If you see these lines, then the GPU is being used and model tensors are being loaded into VRAM.

Verifying that FFN split is working

Ideally, PowerInfer should be able to utilize full GPU memory or the VRAM budget you set. It first tries to offload dense layers to VRAM (attention, predictor, etc.), then it tries to split hot neurons of the FFN into VRAM if there is still space left.

You can look at this line to see how much FFN has been split and offloaded:

llm_load_gpu_split: offloaded 12577.50 MiB of FFN weights to GPU

If you find that the VRAM usage is much lower than expected, then FFN split is likely not working. Splitting FFN requires solving the neuron placement via powerinfer Python module and loading the generated GPU index file, shown in the following lines.

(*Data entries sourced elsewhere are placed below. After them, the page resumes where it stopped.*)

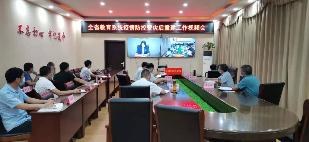 8月9日下午,全省教育系统疫情防控暨灾后重建工作视频会议召开,我校全体校领导出席,各疫情防控工作专班负责人在开元校区第三会议室分会场收听收看会议。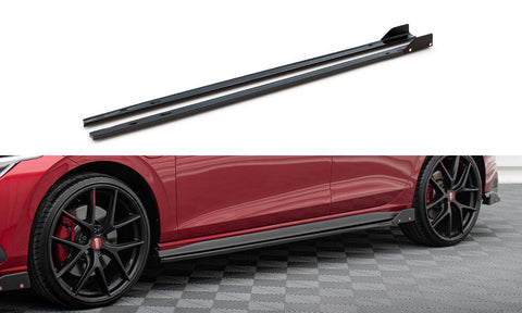 Stand out with these incredible Maxton Design Side Skirts Diffusers + Flaps V.2 for your Volkswagen Golf GTI / GTI Clubsport / GTE / R-Line MK8. (Years: 2020 - Present)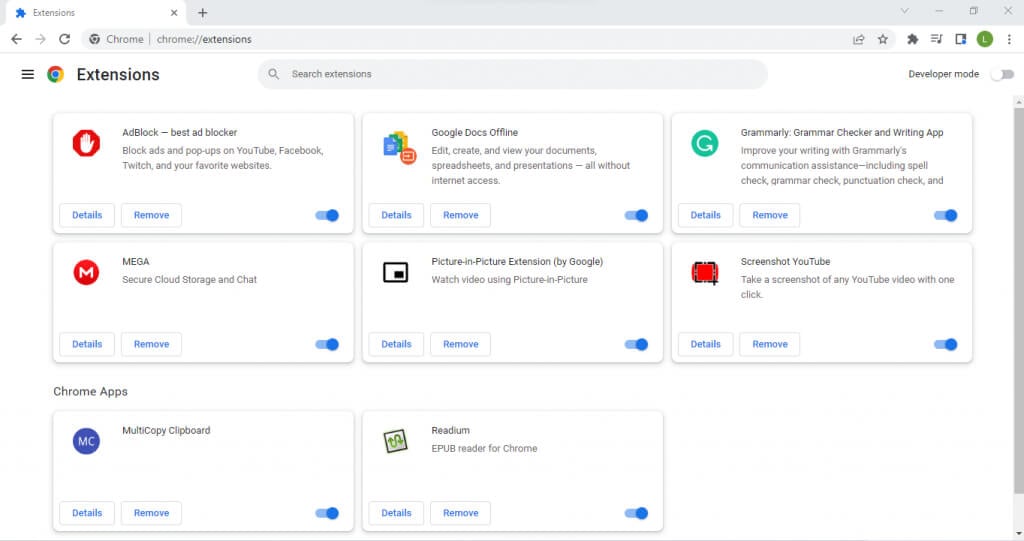 - Tämä näyttää luettelon selaimeen asennetuista laajennuksista. Voit helposti poistaa minkä tahansa niistä sinisellä vaihdolla.
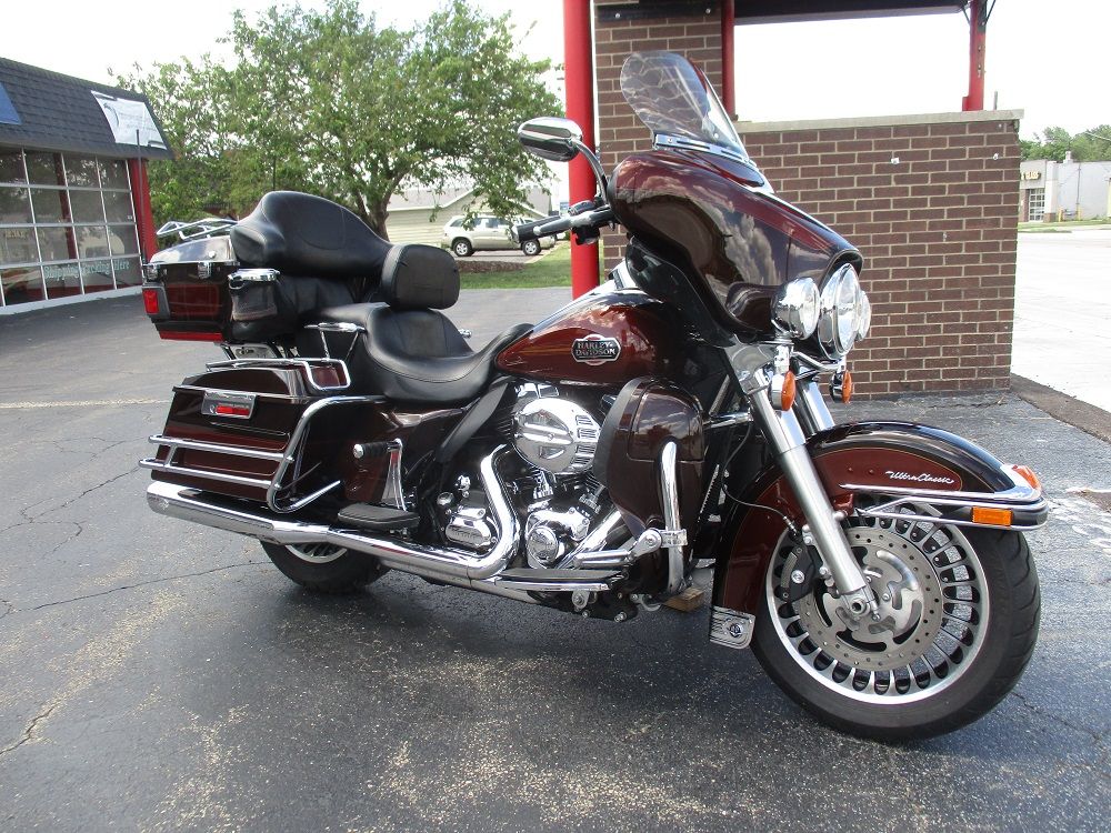 The 2011 Harley Davidson Electra Glide Ultra Classic enables the Harley enthusiast to enjoy ultimate comfort during longer trips. Not only does it have classic Harley Davidson curb appeal but it also boasts top of the line accessories with the ability to carry more gear and go longer distances with a 6 gallon tank making this the perfect motorcycle for long trips. Standard equipment includes a Harmon Kardon 80 watt sound system with passenger controls, a CB, an intercom system, vented lower fairing, adjustable fairing deflectors and electronic cruise control. This particular example was optioned in a gorgeous two-tone Light & Dark Candy Root Beer that just sparkles in the sunlight. It has been equipped with a long list of upgrades which include the TRU HIDS headlight and passing bulbs, a tinted 11 VStream windshield, saddle bag lid guards, a tour pak luggage rack, a push button gas door, a driver backrest, highway pegs, adjustable passenger highway pegs, passenger grab rails, upgraded derby & timer covers, driver & passenger cup holders, an extra loud horn, upgraded H-D grips and upgraded H-D mirrors with integrated blinkers. You will also appreciate the Stage I air cleaner, the Power Commander and it sounds just plain nasty ripping through its Vance & Hines headers and Monster Oval Exhaust. All said and done thousands have been spent on upgrading this bike yet we have priced it as if it were stock. If you like what you see we suggest contacting us before it is too late!
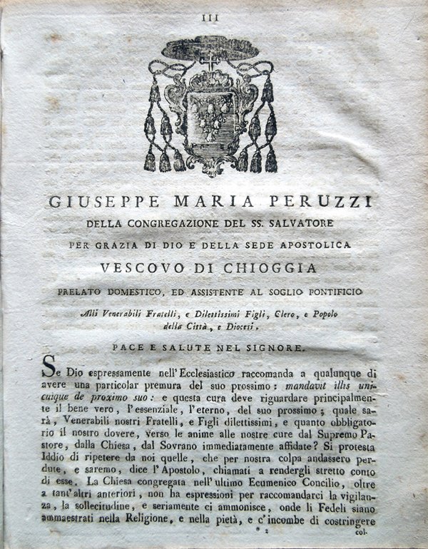 In-8° (22,7 x 17,6 cm), pagine XX, copertina muta moderna. Stemma del vescovo a pagina III. Esemplare ben conservato. Si tratta della lettera pastorale indirizzata da Giuseppe Maria Peruzzi, vescovo di Chioggia, al clero e al popolo della città e della diocesi, circa la dottrina cristiana. Le pagine VIII-XX ospitano un regolamento dettagliato relativo all'insegnamento della dottrina cristiana nelle parrocchie. Indice: Giuseppe Maria Peruzzi della Congregazione del SS. Salvatore per grazia di Dio e della Sede Apostolica Vescovo di Chioggia Prelato Domestico, ed Assistente al Soglio Pontificio, Alli Venerabili Fratelli, e Dilettissimi Figli, Clero, e Popolo della Città, e Diocesi, pace e saluto nel Signore; Regolamento della Dottrina Cristiana per la città, e diocesi di Chioggia. I. Disposizioni Generali; II. Ispezioni delle cariche. Visitatore Generale, e Vicarj Foranei. Direttori, e Vice-Direttori. Protettori e Vice-Protettori. Cancellieri e Vice-Cancellieri. Maestri e Supplenti. Regolatori e Vice-Regolatori. Portinari, e Silenzieri. Cantori. Bidelli; III. Metodo d'insegnare. Nella Prima Classe. Parte I. Lezione 17. Compendio di tutto il Simbolo; Lezione 18. Della professione del Cristianesimo; Lezione 8. Di Gesù Cristo; Lezione 9. Del Mistero dell'Incarnazione. Parte II. Lezione 3. Del primo Comandamento; Lezione 4. Del secondo e del terzo Comandamento; Lezione 5. Del quarto comandamento; Lezione 6. Continuaz. del quarto Comandamento; Lezione 7. Contin. del medesimo Comandamento; Lezione 8. Del quinto, sesto e nono Comandamento; Lezione 9. Del settimo ed ottavo Comandamento; Lezione 10. Del decimo Comandamento; Lezione 12. Del primo Comandamento della Chiesa; Lezione 13. De cinque ultimi Comandamenti della Chiesa. Nella Seconda Classe. Parte III. Lezione I. Della Preghiera; Lezione 2. Delle disposizioni necessarie per ben pregare; Lezione 3. Dell'Orazione Dominicale; Lezione 4. Della Salutazione Angelica e Invocazione de Santi. Parte I. Lezione 13. Della Grazia; Lezione 15. Della Comunione de Santi. Parte II. Lezione 17. De peccati d'Omissione. Parte III. Lezione 22. Delle Indulgenze; Lezione 5. De Sacramenti in generale. Nella Terza Classe. Parte III. Lezione 15. Del Sacramento della Penitenza; Lezione 16. Della Contrizione in generale; Lezione 17. Della Contrizione perfetta, e dell'Attrizione; Lezione 18. Della Confessione; Lezione 19. Dell'Esame di Coscienza ec.; Lezione 20. Della maniera di Confessarsi; Lezione 21. Della Soddisfazione; Lezione 8. Del Sacramento dell'Eucaristia; Lezione 9. Del Santo Sacrificio della Messa; Lezione 10. Continuazione del S. Sacrificio della Messa; Lezione 12. Delle disposizioni necessarie ec.; Lezione 13. Di ciò che bisogna fare quando si è vicino a comunicarsi ec.; Lezione 14. Di ciò che si dee fare dopo la Comunione. IV. Orazioni in comune. La Prima Domenica del Mese. Canzone spirituale per la processione, che si fa prima di cominciar la Dottrina, a distruzione delle Bestemmie e canti disonesti. V. Processioni, premj, dispute, vacanze, questue, castighi. VI. Formula. Da usarsi nel contrassegnare il passaggio da una in altra Classe dei Fanciulli. Prima Classe. Avvertimenti. Seconda Classe. Avvertimenti. Terza Classe. Avvertimenti. Quarta Classe. Avvertimenti. Quinta Classe. Avvertimenti. VII. Appendice. Per la dottrina delle donne.
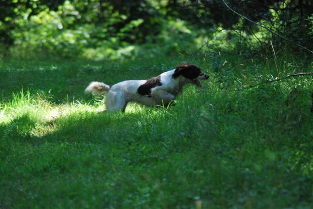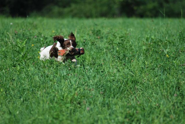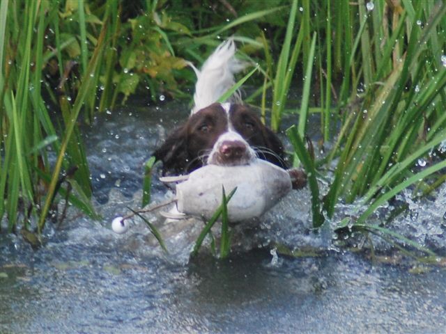 All of my Spaniels are trained to the level of finished gun dogs. That is, they are steady to wing and shot, retrieve kindly to hand, hunt all forms of cover and handle to blind retrieves on land and water. A dog has to meet my expectations in the hunting field before I breed them.
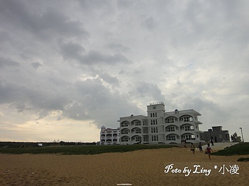 位於山水沙灘前的建築物~不曉得是不是民宿呢?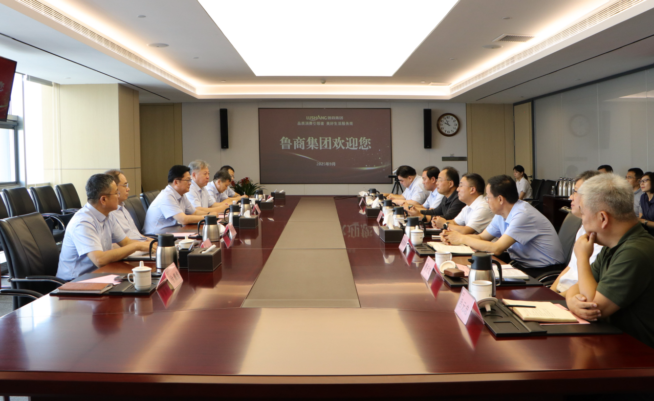 9月4日上午,華魯集團黨委書記、董事長樊軍一行到訪魯商集團,集團黨委書記、董事長王緒超熱情接待并舉行座談。華魯集團黨委副書記、董事、總經理王濤,黨委副書記、董事畢玉國,魯商集團黨委副書記、董事、總經理朱華建,黨委副書記、董事張洪東,黨委常委、紀委書記、省監委駐集團監察專員陸清梓,黨委常委、副總經理劉巖,黨委常委、董事、副總經理、工會主席賈慶文參加座談。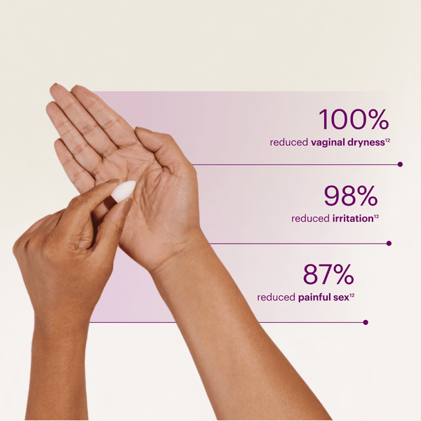 During menopause, the vagina loses collagen and its water-retaining ability. Revaree Plus counteracts these effects with hyaluronic acid, a naturally occurring molecule that holds 1,000x its weight in water, as well as sweet almond oil, a nutrient-rich moisturizer that prevents the loss of hydration. Together, these ingredients soften and soothe the skin while restoring natural hydration. 3,4,5 - Is Revaree Plus right for me?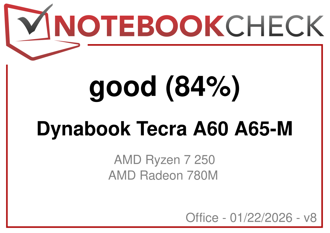 | Dynabook Tecra A60 A65-M AMD Ryzen 7 250 ⎘ AMD Radeon 780M ⎘ 16 GB Memory, 512 GB SSD | Amazon: $1,048.94 List Price: 1300 USD | 1.7 kg | 19.9 mm | 16.00" 1920x1200 142 PPI IPS | |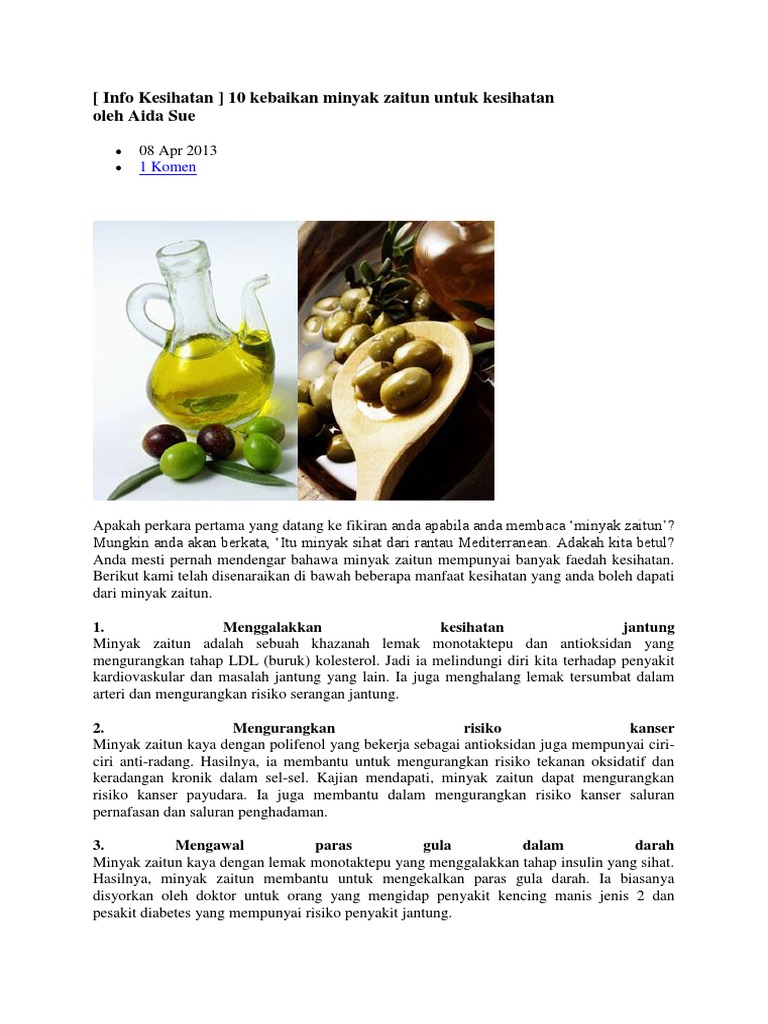 Info Kesihatan 10 Kebaikan Minyak Zaitun Untuk Kesihatan Oleh Aida Sue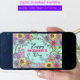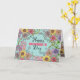 Este design deste cartão de saudação personalizável do Dia das Mães é dominado por uma vibrante fronteira floral que envolve a mensagem central, criando um quadro quente e convidativo. As flores, no florescimento do cheio, exibem uma variedade de cores, incluindo amarelo, rosa, roxo e vermelho, cada uma meticulosamente detalhada para criar uma estética dinâmica e viva. A cor de fundo é um chocalho macio, que complementa as cores vibrantes das flores e adiciona ao calor geral do design. No centro do cartão, as palavras "Feliz Dia das Mães" são redigidas elegantemente numa letra preto cursiva, destacando-se contra o pano de fundo colorido. A combinação de cores vívidas, designs florais intrincados e tipografia elegante faz deste cartão um símbolo delicioso de amor para celebrar a maternidade. A mensagem dentro da placa também é totalmente personalizável.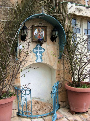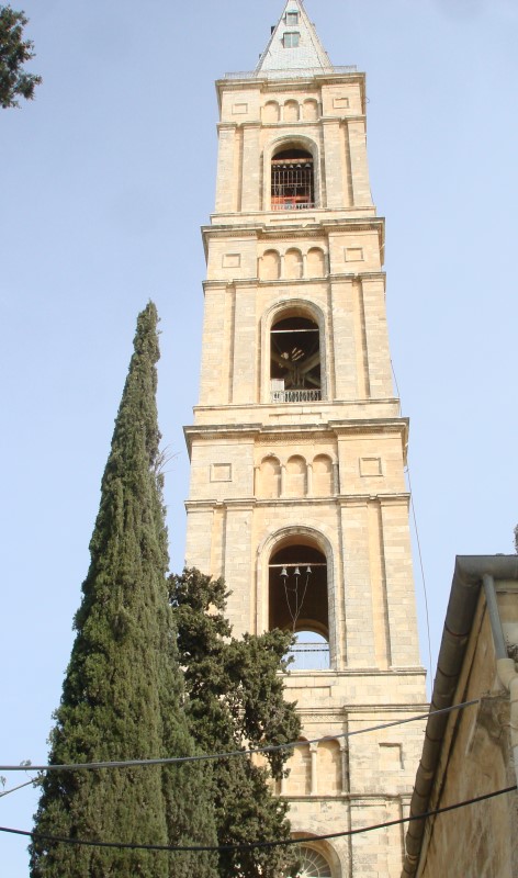 Стройную колокольню монастыря, несомненное его украшение, которую мы потом видели с любой точки в Иерусалиме, с любовью называют «Русскую свечой». Она является самым высоким сооружением в Святом граде. Колокол для нее был отлит в России и весит 5 тонн.

Solving (the result is cached, so this only happens once):

invoking powerinfer Python module to generate gpu split for 12738.39 MiB of VRAM
solver args: Namespace(activation='/nvme2/huggingface/PowerInfer/ReluLLaMA-13B-PowerInfer-GGUF/activation', neuron=13824, capacity=429432, layer=40, vram_capacity=13357166592, batch=256, threshold=0, output='/nvme2/huggingf
ace/PowerInfer/ReluLLaMA-13B-PowerInfer-GGUF/llama-13b-relu.powerinfer.gguf.generated.gpuidx')
...
exported GPU index to /nvme2/huggingface/PowerInfer/ReluLLaMA-13B-PowerInfer-GGUF/llama-13b-relu.powerinfer.gguf.generated.gpuidx

Loading generated or cached GPU index:

llama_model_loader: loaded meta data with 3 key-value pairs and 80 tensors from /nvme2/huggingface/PowerInfer/ReluLLaMA-13B-PowerInfer-GGUF/llama-13b-relu.powerinfer.gguf.generated.gpuidx (version GGUF V3 (latest))
llama_model_loader: - tensor    0:                    blk.0.gpu_idx i32      [ 13824,     1,     1,     1 ]
...
apply_tensors_to_base_model: applying gpu_idx adapter from '/nvme2/huggingface/PowerInfer/ReluLLaMA-13B-PowerInfer-GGUF/llama-13b-relu.powerinfer.gguf.generated.gpuidx' - please wait ...

If you don't any of see these lines, then FFN split is not working. It can be caused by:

  • powerinfer Python module is not installed or not activated if you are using a virtual environment
  • There is no activation directory in the model directory, which contains the activation files for solving FFN split

Please refer to Setup and Installation for more information on runtime dependencies and Model Weights for more information on model weights.

Example of runtime flags effect on inference speed benchmark

Please refer to Evaluation for more information on the token generation benchmark on Linux.

For Windows, we have tested PowerInfer/ReluLLaMA-13B-PowerInfer-GGUF on a machine with the following specs:

GPU: Nvidia RTX 2080Ti (11GB VRAM) CPU: Intel i7-13700 RAM: 64GB DDR4, 3200MHz

Run command: .\build\bin\Release\main.exe -m path\to\model -n 64 -p "Once upon a time" [additional benchmark flags]

Result:

command tokens/second (higher is better)
[no additional flags] 4.05
-t 8 4.27

CPU affinity and hybrid architecture

PowerInfer achieves the best performance on CPUs of hybrid architecture (big.LITTLE) when it is running on all CPU performance cores (P cores). On such hardware, we recommend setting -t --threads with the available number of P cores.

We found that Windows sometimes are not able to schedule threads on P cores and forfeits generation performance. If you find the token generation speed unstable, or the utilization of P cores is low, you can try to set CPU affinity manually with Start-Process in PowerShell like this example on 12th Gen Core i7 (8 P cores):

Start-Process -FilePath path\to\main.exe -ArgumentList "-m", "path\to\model", "-t", "8", "-n", "128", "-p", "`"Once upon a time`"" -NoNewWindow -PassThru -Wait | ForEach-Object { $_.ProcessorAffinity = 0x5555 }

It works like taskset on Linux and sets CPU affinity to P cores only (0x5555 is a bit mask for CPU0,2,4,6,8,10,12,14). Please refer to the docs of Start-Process for more details.